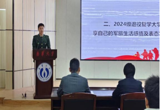 主持人胡奉佳首先介绍了到场领导嘉宾及本季退役复学的整体情况。2024级杨坚同学作为新退役员工代表,结合自身经历,从“军旅淬炼”、“复学适应”、“未来规划”三个维度深入阐述。他深情地回忆:“军人的荣耀不仅体现在战场上的英勇无畏,更体现在日常岗位上的默默坚守。”这位曾服役于边防部队的退伍军人特别强调,部队培养的“无难不惧”的信念,一定会助力他在医学基础课程学习中迅速适应。展望未来,他表示将秉承军人作风,努力成为德才兼备的医学人才。
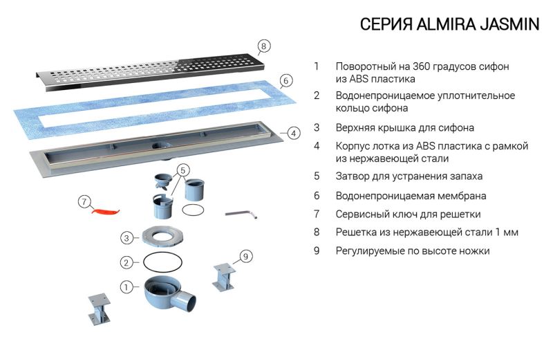 Комплектация: поворотный сифон 360 градусов из ABS-пластика, дренажный канал из ABS-пластика, водонепроницаемые уплотнительные кольца, решетка и рамка из нержавеющей стали 1 мм, противозапаховый затвор, водонепроницаемая мембрана, пластиковый сервисный ключ, комплект регулируемых по высоте опор
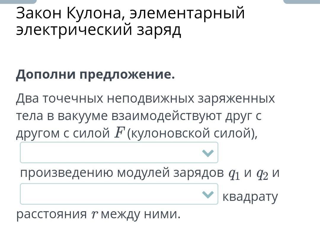Два точечных неподвижных заряженных тела в вакууме взаимодействуют друг с другом с силой F (кулоновской силой), (прямо пропорциональной/обратно пропорциональной)
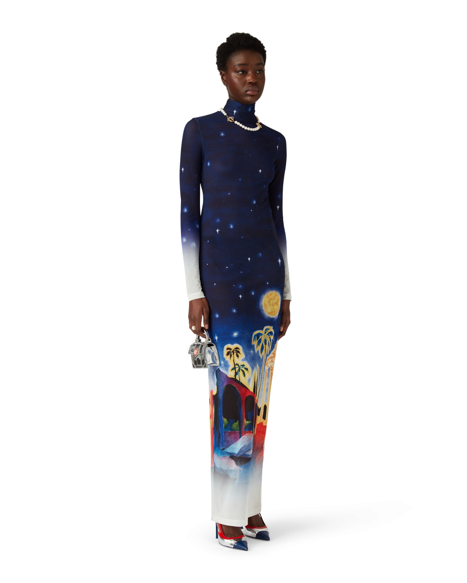 The Galactic Connection mesh short-sleeve dress is a printed design crafted from a mesh fabric featuring the house’s seasonal airbrush artwork – inspired by Pater Sato; with Galactic Connection we explore who the Casablanca bionic beings would be. while still keeping the mountain elements in the background. Completed with a classic crew neck.

• [TASK ITEM]:
The reply should hold every line of the material above, unchanged, and no pictures.

• [SOLUTION TO THE PROBLEM]:
 主持人胡奉佳首先介绍了到场领导嘉宾及本季退役复学的整体情况。2024级杨坚同学作为新退役员工代表,结合自身经历,从“军旅淬炼”、“复学适应”、“未来规划”三个维度深入阐述。他深情地回忆:“军人的荣耀不仅体现在战场上的英勇无畏,更体现在日常岗位上的默默坚守。”这位曾服役于边防部队的退伍军人特别强调,部队培养的“无难不惧”的信念,一定会助力他在医学基础课程学习中迅速适应。展望未来,他表示将秉承军人作风,努力成为德才兼备的医学人才。
 Комплектация: поворотный сифон 360 градусов из ABS-пластика, дренажный канал из ABS-пластика, водонепроницаемые уплотнительные кольца, решетка и рамка из нержавеющей стали 1 мм, противозапаховый затвор, водонепроницаемая мембрана, пластиковый сервисный ключ, комплект регулируемых по высоте опор
Два точечных неподвижных заряженных тела в вакууме взаимодействуют друг с другом с силой F (кулоновской силой), (прямо пропорциональной/обратно пропорциональной)
 The Galactic Connection mesh short-sleeve dress is a printed design crafted from a mesh fabric featuring the house’s seasonal airbrush artwork – inspired by Pater Sato; with Galactic Connection we explore who the Casablanca bionic beings would be. while still keeping the mountain elements in the background. Completed with a classic crew neck.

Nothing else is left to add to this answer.